To study ELTD1’s role in EC biology, in vitro gene silencing was functionally evaluated in HUVECs using two different small interfering RNAs (siRNAs) (Figure 5D). ELTD1 function is unknown and initial experiments indicated silencing had no effect on EC viability in normal culture conditions (Figure S5H). Other members of this receptor family are involved in cell adhesion (Kwakkenbos et al., 2004) but are low or undetectable in ECs (Figure S5G). As the ELTD1 ligand is unknown, Matrigel was used to evaluate the role of ELTD1 in adhesion. Gene knockdown slightly, but significantly, reduced EC adherence (Figure S5I), although this is insufficient to demonstrate direct involvement in cell adhesion. General migratory ability, evaluated by the wound-healing assay, showed no change (data not shown). Using an in vitro three-dimensional spheroid-based angiogenesis assay, ELTD1-silenced HUVECs showed reduced angiogenic ability, generating fewer sprouts (50%–60%) compared to control (Figure 5E). This phenotype represents a functional explanation for both VEGF/bFGF-induced ELTD1 upregulation and DLL4-induced repression, as VEGF and bFGF are known to induce EC sprouting while Dll4 is a negative regulator of this process through the restriction of tip cell phenotype/specification (Hellström et al., 2007; Phng and Gerhardt, 2009). Hypothesizing a role in tip cell biology, a cell fate assay was performed using spheroids composed of a 1:1 mixture of control and ELTD1-silenced HUVECs, both prelabeled with different fluorescent dyes. Consistent with our previous experiments showing reduced sprouting, ELTD1-silenced HUVEC showed a reduced ability to take the tip position compared to control cells (37.9% ± 5.8% versus 62.1% ± 5.8%, respectively; Figure 5F). This demonstrates that ELTD1 plays an intrinsic role during the sprouting process. Importantly, although stalk cell number was expected to increase, gene knockdown did not affect this cell subpopulation, possibly because of back migration to the spheroid (Figure 5F). This finding confirms ELTD1’s role only in tip cell function/specification.

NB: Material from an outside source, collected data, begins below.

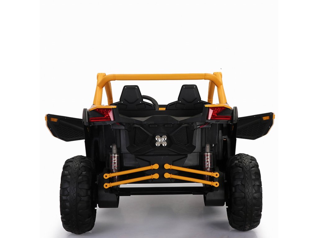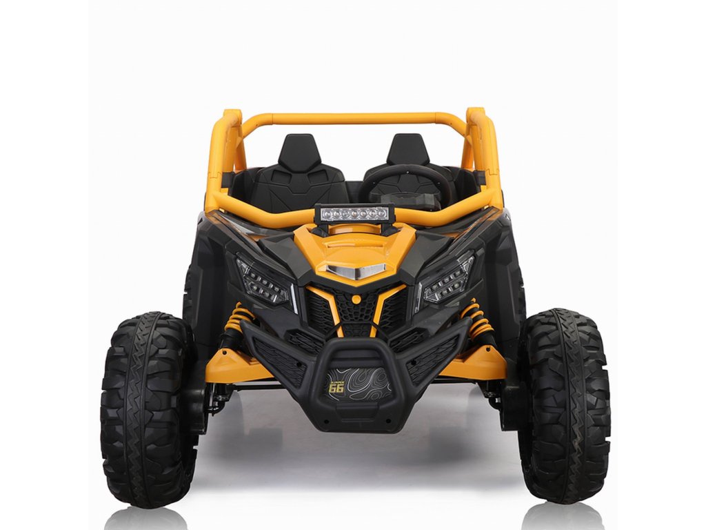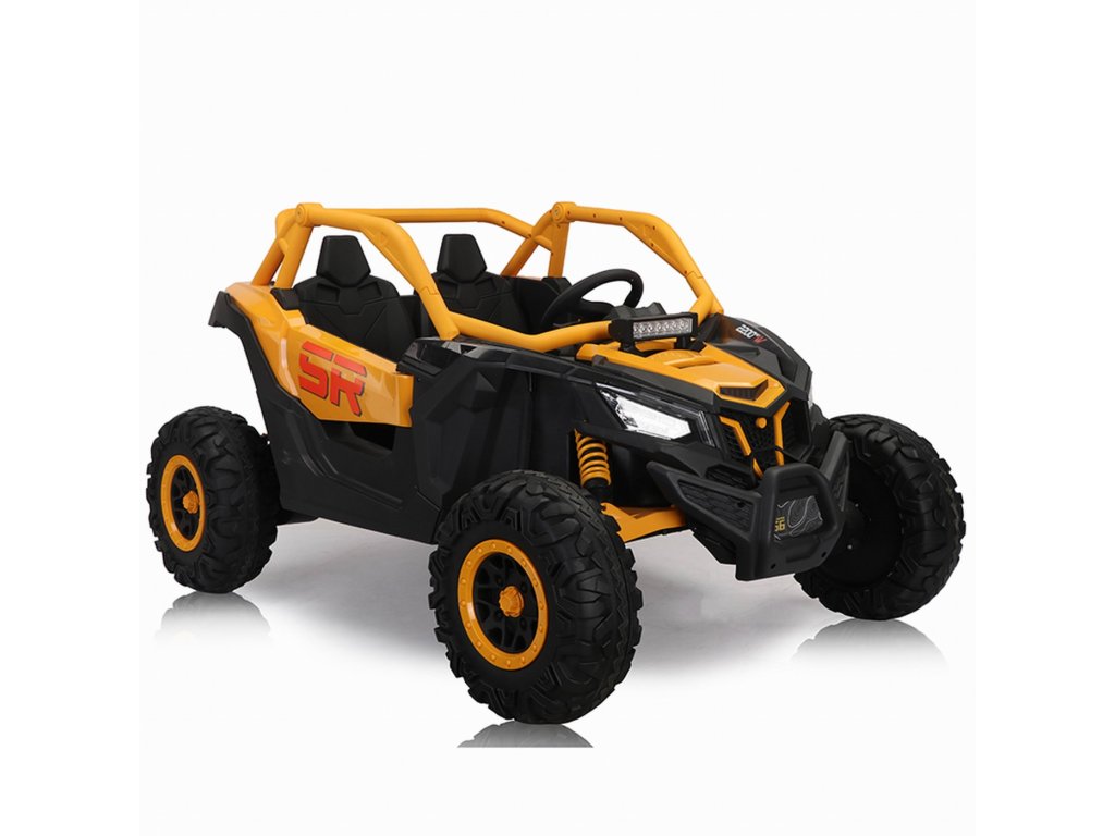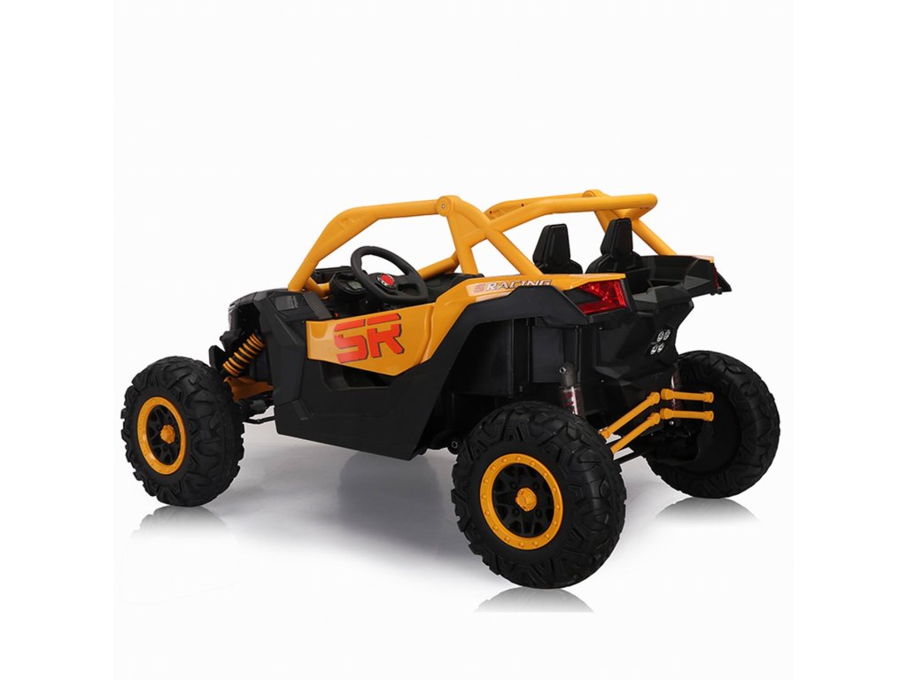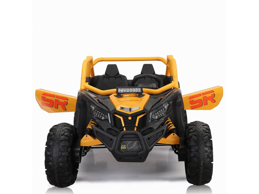 Električno vozilo Buggy SR SUPER 66 4x4 24V rumen s štirimi motorji skupne moči 300W ne sme manjkati v nobeni otroški garaži. Avto je napajan z baterijo s kapaciteto 24V 7Ah. Največja obremenitev vozila je 30 kg. Med vožnjo bo otroka zagotovo navdušil glasbeni panel z MP3, Bluetooth, USB, AUX, vhodom za SD kartico in Radiom.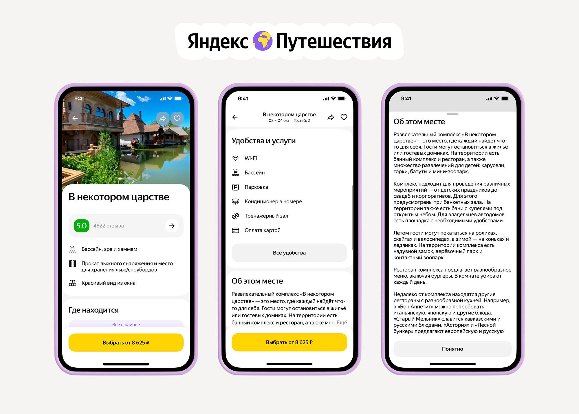 Алиса уже сгенерировала описания для всех российских отелей и апартаментов, доступных на Яндекс Путешествиях. Если владелец обновит данные в Яндекс Бизнесе или Экстранете, автоматически обновится и описание. Корректировки можно внести и вручную — обратившись в поддержку Яндекс Путешествий.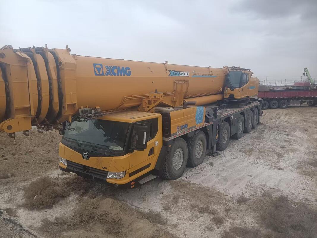 Specifications: 500-ton capacity with 85m 7-section boom & 50m jib. Full superlift system, 153t counterweight, Weichai Stage VI engine. Includes 4x heavy-duty pad feet (2.3x3m) for superior ground stability.

ELTD1 Is Involved Human Umbilical Vein Smooth Muscle Cell Viability and Adhesion

As VSMC express ELTD1, we evaluated silencing consequences (Figure S5J) in this cell type in vitro. Opposite to observations in ECs, ELTD1 knockdown caused a significant reduction in cell viability 72 hr after transfection (Figure S5K). Similarly to EC, adhesion to Matrigel was significantly reduced while no effect on general migratory ability was observed (Figure S5L and data not shown).

Eltd1 Is Expressed in the Zebrafish Embryo Vasculature and Has a Role Antagonizing dll4 in Blood Vessel Development

To investigate ELTD1’s role in vivo, we exploited the developing zebrafish embryo model, being the only member of its receptor family conserved in this species (Kwakkenbos et al., 2004). Eltd1 expression was assessed by in situ hybridization. During gastrulation, expression was ubiquitously detected throughout the embryo (Figure 6A1) while by eight somites it was observed in the posterior lateral plate mesoderm in bilateral stripes (Figure 6A2, arrows). This group of cells has been described as the posterior hemangioblast population, containing cells that give rise to both ECs and blood cells (Gering et al., 1998). As these cells migrate to the midline (Figure 6A3) and form the dorsal aorta (DA) and the posterior cardinal vein (PCV) (Figure 6A4), eltd1 expression was still detectable. By 27 hr postfertilization (hpf), the distinction between the DA and PCV is complete and intersegmental vessels (ISV), formed by EC sprouting from the DA, also express eltd1 (Figure 6A5, arrowheads). By 48 hpf, weaker eltd1 expression is still detected in ECs (Figure 6A6). The lack of eltd1 in the cloche zebrafish mutant (Figure S6A), which has severe defects in blood and endothelium formation (Xiong et al., 2008), confirms its EC association.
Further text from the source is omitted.